10 mars 2009. — Cinq associations (Résistance à l’agression publicitaire, Souriez vous êtes filmés, Big brother awards, Robin des toits et Le Publiphobe) viennent d’assigner la RATP et sa régie publicitaire Métrobus (filiale de Publicis et JCDecaux) devant le juge des référés du Tribunal de grande instance de Paris, pour leur projet d’installation massive d’écrans publicitaires « espions » dans les couloirs du métro parisien. Quatre écrans sont déjà actifs à la station Étoile, et 400 autres sont prévus d’ici à fin juin 2009. Par ailleurs, 800 écrans doivent être installés dans les gares SNCF d’ici à la fin de l’année 2009.
La première audience aura lieu le 1er avril 2009 à 9 heures, devant la chambre des référés du Tribunal de grande instance de Paris, 4 boulevard du Palais, 75001 Paris, métro Cité. Rendez-vous public devant l’entrée du Palais de justice à 8h30.
Des capteurs installés dans les écrans permettent de mesurer le nombre de personnes qui passent, et analysent leurs réactions afin de détecter quel élément de l’image a retenu leur attention. Ces capteurs peuvent aussi donner des informations sur l’âge et le sexe des passants réceptifs à chaque campagne.
La société Majority Report, qui équipe les panneaux avec cette technologie, est elle aussi assignée. Le nom de cette société fait référence au livre et au film Minority Report, dans lesquels le héros se voit interpellé par des écrans publicitaires, capables d’identifier les passants en scannant l’iris de leur œil à distance.
La démonstration du procédé dit « capteur de visage », sur cette vidéo en ligne de la société Quividi (concurrente de Majority Report), parle d’elle-même : http://www.quividi.com/fr/in_action.html
Les 3 sociétés sont poursuivies pour violation de la législation sur la vidéosurveillance, ici utilisée à des fins purement mercantiles.
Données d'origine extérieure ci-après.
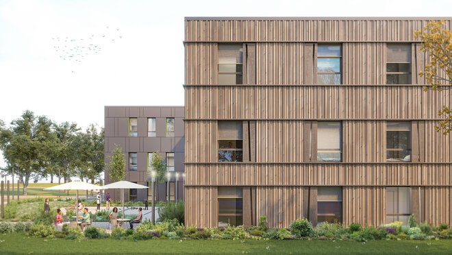 Die Gebäudehülle besteht überwiegend aus einer vorgefertigten Holzständerkonstruktion mit einer zu zwei Dritteln aus Holz bestehenden Fassade. Dadurch lassen sich die CO₂-Emissionen erheblich reduzieren.
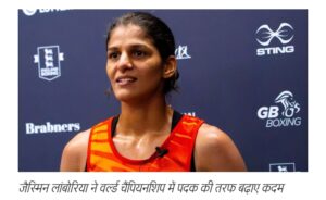 भारतीय मुक्केबाज जैस्मिन लांबोरिया ने विश्व मुक्केबाजी चैंपियनशिप में 57 किलोग्राम भारवर्ग के क्वार्टर फाइनल में जगह बनाई। उन्होंने ब्राजील की जुसीलन सेर्कुइरा रोमीयू को 5-0 से हराया। अभिनाश जम्वाल ने भी पुरुषों के 65 किग्रा वर्ग में जीत दर्ज की। हालांकि साक्षी और सनमाचा चानू को हार का सामना करना पड़ा। अब सचिन सुमित नरेंद्र और नीरज फोगाट से अच्छे प्रदर्शन की उम्मीद है।

De plus, les associations dénoncent la mise en place probablement illégale de dispositifs d’analyse de données biométriques, installés sans aucune concertation, et à l’insu total des usagers et du personnel de la RATP.
Cerise sur le gâteau : ces écrans sont également équipés de capteurs Bluetooth, capables d’envoyer des messages publicitaires sur les téléphones portables. Métrobus, qui assure que cela dépendra d’une démarche active du passant (qui devra s’approcher du panneau), oublie de préciser qu’elle avait d’abord prévu d’arroser directement les téléphones avec des messages publicitaires, mais que son projet s’était vu retoqué par la CNIL.
Or le Bluetooth, outre son caractère intrusif, est dans le collimateur des experts en santé publique : les dernières études internationales, validées notamment par l’OMS et le Parlement européen, dénoncent les risques sanitaires graves de ces technologies sans fil. Les usagers vont ainsi être soumis à un rayonnement électromagnétique supplémentaire et potentiellement dangereux, notamment pour les personnes électrosensibles (voir pour cela les explications de Robin des toits).
Renversement des rôles
Cinq ans après le retentissant procès « des 62 », au cours duquel la RATP et Métrobus avaient demandé 1 million d’euros de dommages et intérêts à 62 antipublicitaires qui avaient barbouillé des affiches dans le métro, les rôles sont donc aujourd’hui renversés : au tour de la RATP et de Métrobus de se retrouver sur le banc des accusés !
C’en est désormais fini d’une certaine impunité en matière d’agression publicitaire. Ceux qui sont, à l’origine, simplement censés assurer nos déplacements quotidiens, vont devoir rendre des comptes sur leur politique de harcèlement publicitaire, menée à l’encontre des citoyens.
Cette action bénéficie du soutien de personnalités politiques : une question orale a été posée au gouvernement à ce sujet par Martine Billard, députée de Paris, le 18 février dernier ; le conseil de la Mairie du XIè vient d’adopter à l’unanimité un vœu au Maire de Paris demandant la suspension de l’installation des écrans ; le groupe des Verts au conseil de Paris va aussi déposer un vœu dans ce sens, aujourd’hui le 10 mars.
Rappelons enfin que les recettes publicitaires ne représentent qu’environ 1,7 % du budget de la RATP. Une augmentation de 5% du prix du billet suffirait pour faire disparaître toute la publicité du métro parisien, et rendre ainsi celui-ci plus "agréable" à utiliser, comme le reconnaissent Metrobus et la RATP en réponse à nos actions.